Quel che la mamma deve sapere
Livelli di glucosio nel sangue inferiori alla norma sono piuttosto frequenti nelle gestanti con diabete: l’importanza di un rigoroso controllo che assicuri il corretto equilibrio glicemico
Nel diabete in gravidanza, che si tratti di diabete pregestazionale di tipo 1 o 2 o di diabete gestazionale, è fondamentale mantenere la glicemia su livelli assolutamente normali per evitare il rischio di effetti negativi che l’iperglicemia comporta sia sul feto sia sulla madre. Inevitabilmente ciò comporta un aumento del rischio ipoglicemico. Da notare, tuttavia, che durante la gravidanza normale i valori della glicemia sono inferiori mediamente del 20% rispetto ai valori fuori dalla gravidanza. Nelle gestanti con diabete di tipo 1 una ipoglicemia grave occorre con una frequenza da 3 a 5 volte maggiore nel primo trimestre rispetto all’anno precedente la gravidanza. I fattori di rischio per una ipoglicemia grave durante la gravidanza sono una lunga durata del diabete, la perdita dei sintomi dell’ipoglicemia, una storia di gravi ipoglicemie nell’anno precedente, valori eccessivamente bassi di emoglobina glicata nel primo trimestre, ampie fluttuazioni della glicemia e un uso eccessivo di dosi supplementari di insulina fra i pasti. L’occorrenza di nausea e vomito nei primi mesi non comporta invece, contrariamente a quanto sarebbe logico attendersi, un aumento del rischio ipoglicemico.
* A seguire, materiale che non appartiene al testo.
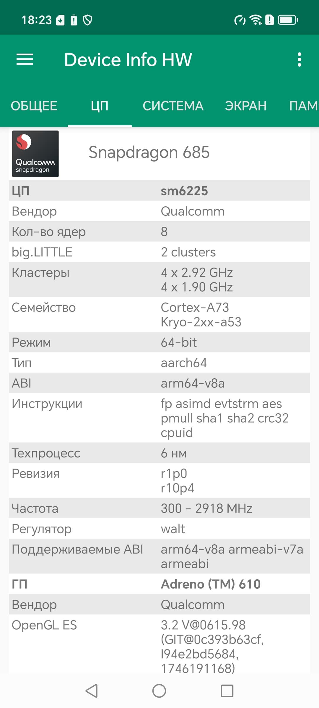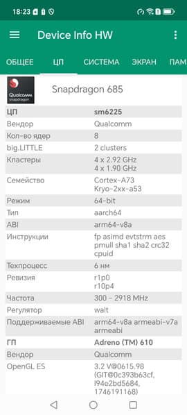- SoC Qualcomm Snapdragon 6s Gen 2, 8 процессорных ядер (4×Cortex-A73 @2,9 ГГц + 4×Cortex-A53 @1,9 ГГц)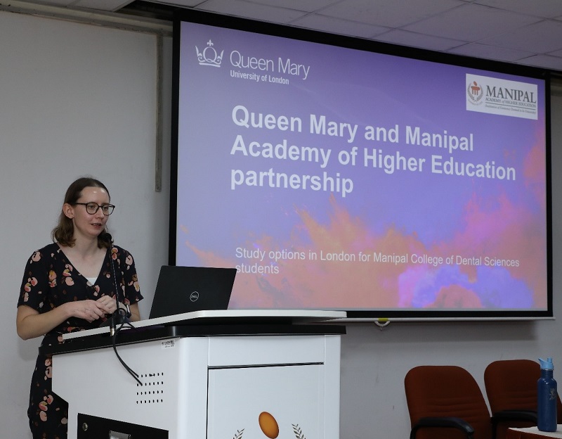 Institutional Academic Reputation Cell, MCODS, Mangalore with the support of Office of International Affairs and Collaboration organised a Career guidance program titled “Higher Education at Queen Mary University, London”. This program was held at Medical education hall LHH. Ms Claire Canning, International Partnership Manager, Queen Mary University introduced the students to the university, the dental college as well as the dental program offered and spoke about the details of the partnership with Manipal Academy of higher education. The program was attended by 63 interns.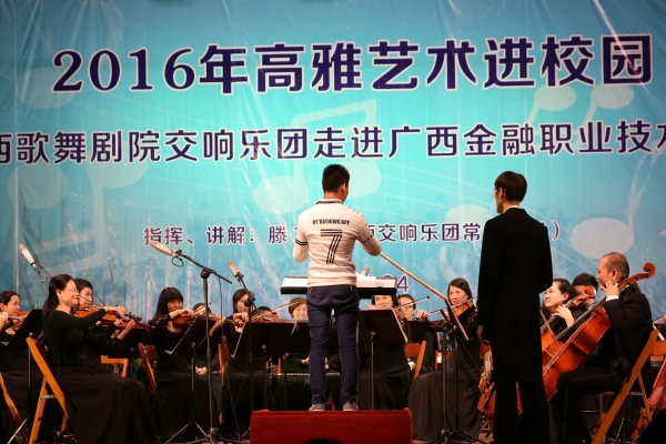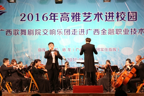 为了丰富同学们的课余生活,使同学们能够近距离的接触高雅艺术,11月24日晚,kaiyun官网有幸邀请到了广西歌舞剧院交响乐团到学校进行演奏。学院党委副书记、纪委书记刘华政,副院长谢沛善,学生工作与招生就业处副处长周海峰与六百余名金院学子在东校区大礼堂聆听了由广西歌舞剧院交响乐团带来的音乐盛宴。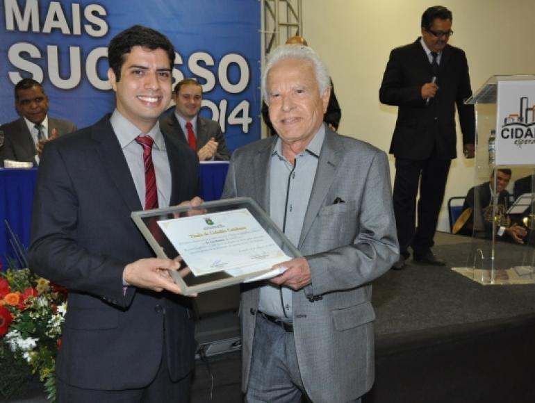 Na manhã desta sexta-feira (08) o apresentador foi homenageado com o Título de Cidadão cuiabano, entregue pelo Vereador Lilo Pinheiro (PRP) , em uma ação realizada pelo movimento CIDADE ESPERANÇA, projeto de cunho social que tem como proposta atender às comunidades carentes dos bairros de Cuiabá e Várzea Grande.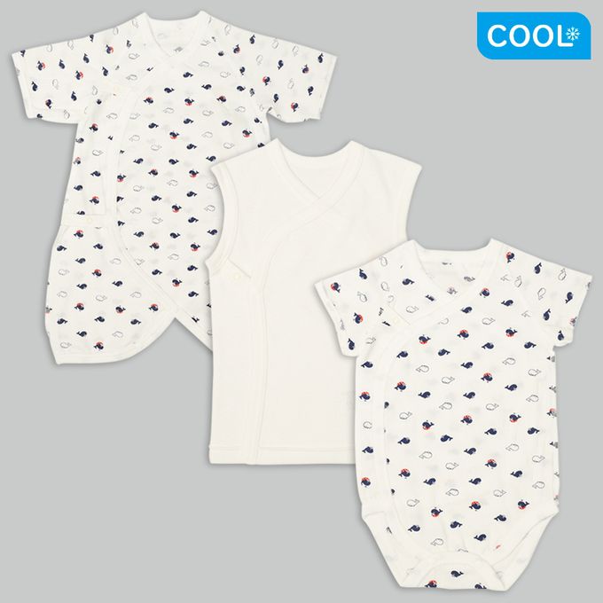 ●尺寸(約・ cm)=無袖肚衣[50]胸圍44.0、衣長35.0、肩寬21.0七分袖蝴蝶裝[50~60]胸圍50.0、衣長46.5、袖口寬9.5短袖包屁衣[50~60]胸圍45.0、衣長40.0、袖口寬9.5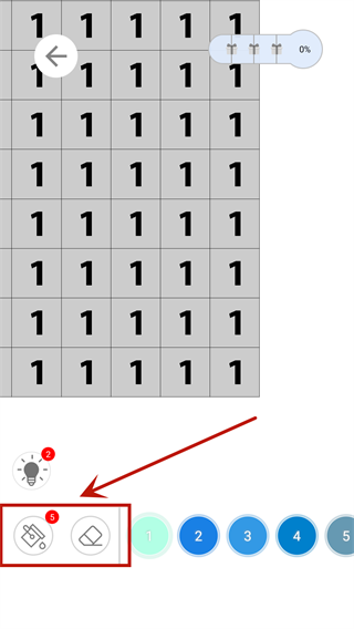 4、填色的操作方式十分简便,界面上设有两个主要按钮,一个是用于填色的功能键,另一个是用于擦除的功能键。操作时,只需依据方块上标注的数字选取对应的指定颜色,然后在相应的方块位置进行涂色即可。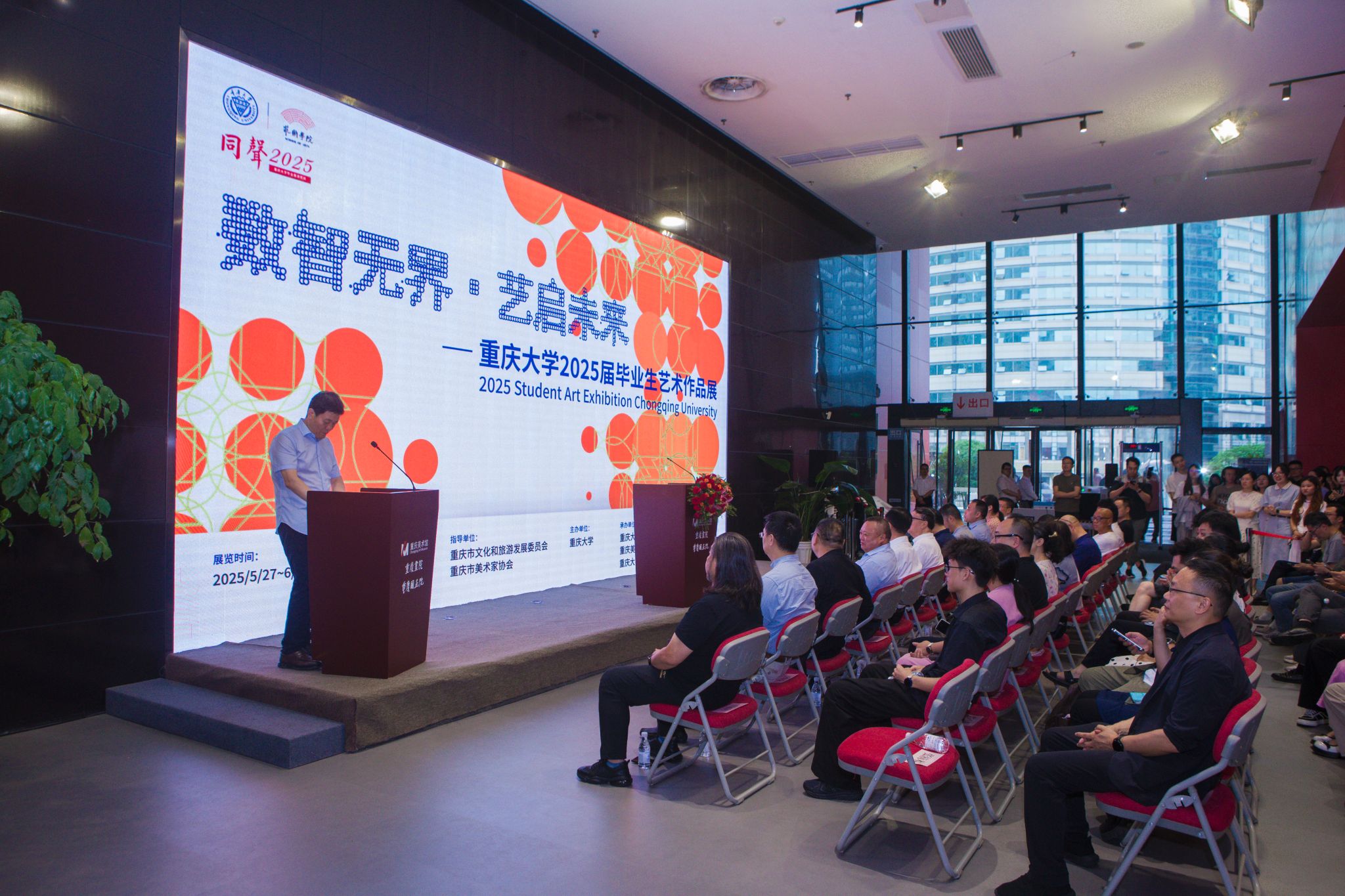 王发荣在致辞中指出,本次展览充分展现了数字智能技术与艺术创作的深度融合,体现了当代青年学子对艺术的独特理解和无限创意,是一场形式多元、内涵丰富的艺术盛宴。他表示今后将进一步加强双方合作深度、效度,推动重庆艺术人才培养创造新的高度。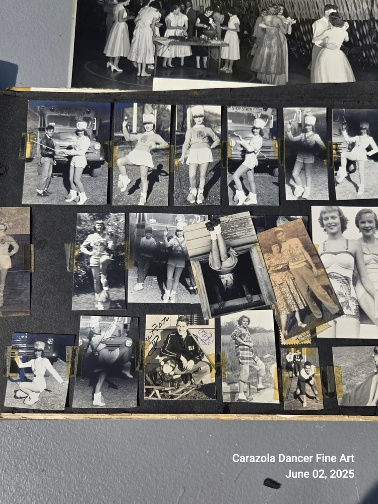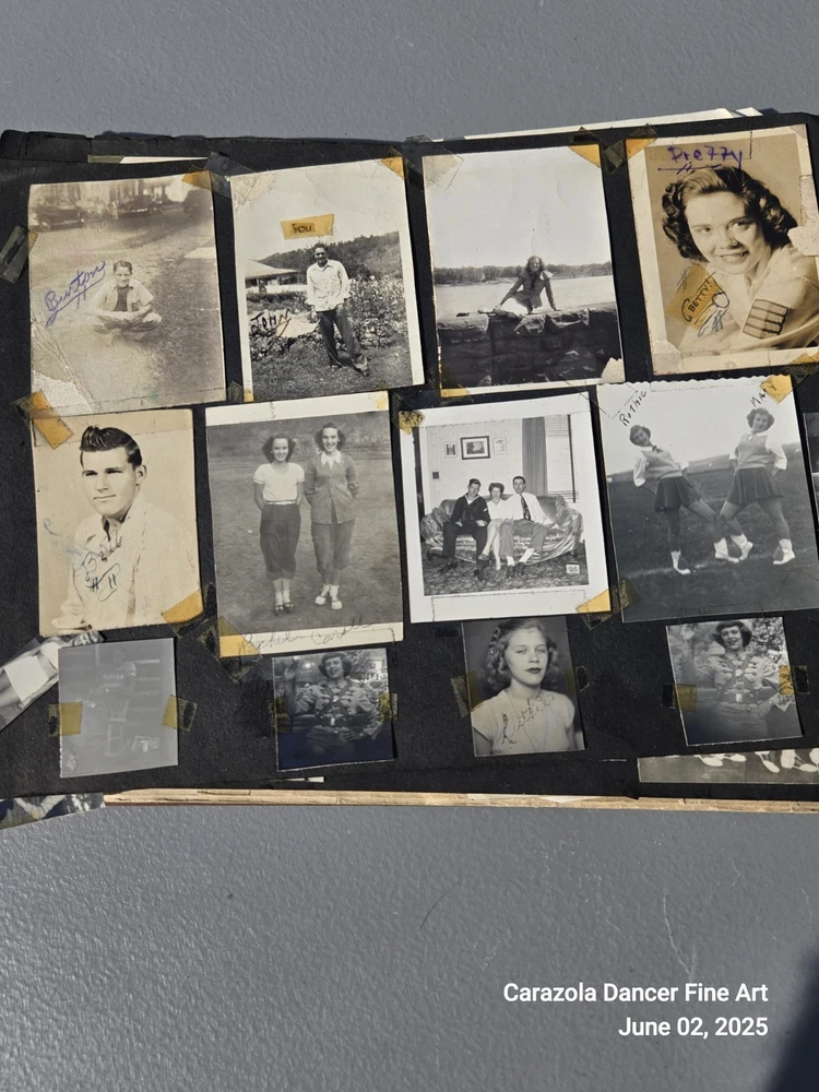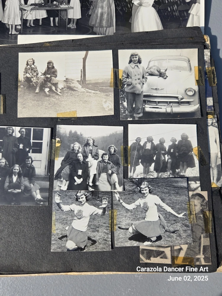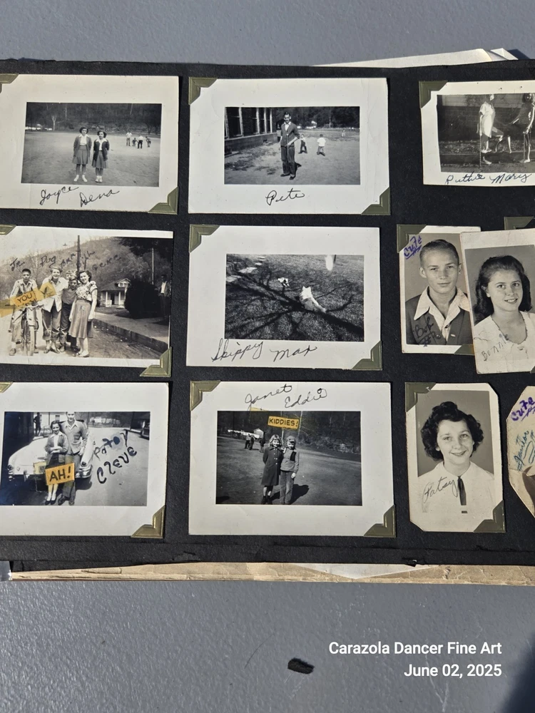 Lot 3, June 2, 2025 Good day everyone we hope all are doing fine today. As can be seen in the pictures, the photograph book is falling apart, it is about 80+ years old. The majority of the pictures are students from a US high school and family related pictures. I believe the time period is from about 1940 through the 1950s. This photograph book has seen better days and a lot of the pictures are loose leaf, not attached and will ship this way. It is a bunch of snapshots of Americana for the time period indicated. End. Thank you for stopping into our sale room today. End. Carazola Dancer

L’ipoglicemia non rappresenta di norma, di per sé, un rischio per il feto, a meno che la madre non subisca un trauma durante l’episodio ipoglicemico. Ciò incoraggia al rispetto delle linee guida che invocano uno stretto controllo glicemico durante la gravidanza fin dal concepimento. L’acquisizione della normoglicemia è infatti essenziale nella fase iniziale della gravidanza, quando si svolge l’organogenesi, per minimizzare il rischio di malformazioni fetali, mentre, nelle fasi successive, un controllo glicemico accurato riduce il rischio di macrosomia fetale e di complicanze perinatali. Nelle donne con diabete pregestazionale il fabbisogno di insulina aumenta progressivamente durante la gravidanza, ma precipita improvvisamente dopo il parto. Da qui la necessità di adeguare la terapia insulinica alle mutate condizioni fisiopatologiche. Anche l’allattamento al seno rappresenta un fattore di rischio ipoglicemico per le donne in trattamento insulinico. (P.B.)
Attenzione ai bambini
I bambini con diabete di tipo 1 sono particolarmente esposti al rischio di ipoglicemia per la frequente difficoltà di prevedere quale sarà l’assunzione di cibo e per l’inevitabile variabilità della attività fisica. Una particolare attenzione va rivolta ai bambini al di sotto dei 5 anni, un’età in cui si realizza la maturazione del sistema nervoso centrale, per il rischio che una ipoglicemia ricorrente possa incidere negativamente sullo sviluppo della capacità cognitiva. Dopo la pubertà, in età adolescenziale, l’incremento del rischio ipoglicemico è dovuto invece prevalentemente all’intolleranza nei confronti dei controlli e delle restrizioni imposte dal diabete, che frequentemente interviene a questa età, con il risultato di una più ampia fluttuazione giornaliera della glicemia.
Occhio anche al peso
L’obesità della madre durante la gravidanza comporta il rischio che anche il figlio divenga obeso durante l’infanzia. Uno studio eseguito nel Colorado (Epoch Study) ha dimostrato che questo rischio si riduce sensibilmente se si ha cura di controllare l’aumento ulteriore del peso durante la gravidanza. I nati da madri obese che non erano state sottoposte alle misure necessarie per contenere un eccessivo incremento ponderale durante la gravidanza hanno mostrato, quando esaminati all’età di 10 anni, valori più elevati di indice di massa corporea (Bmi), di circonferenza alla vita, di volume di tessuto adiposo sottocutaneo e viscerale e di trigliceridi e valori più bassi di colesterolo Hdl. Da qui la necessità, evidenziata dallo studio, di sottoporre a un accurato monitoraggio le gestanti obese per il controllo del peso corporeo.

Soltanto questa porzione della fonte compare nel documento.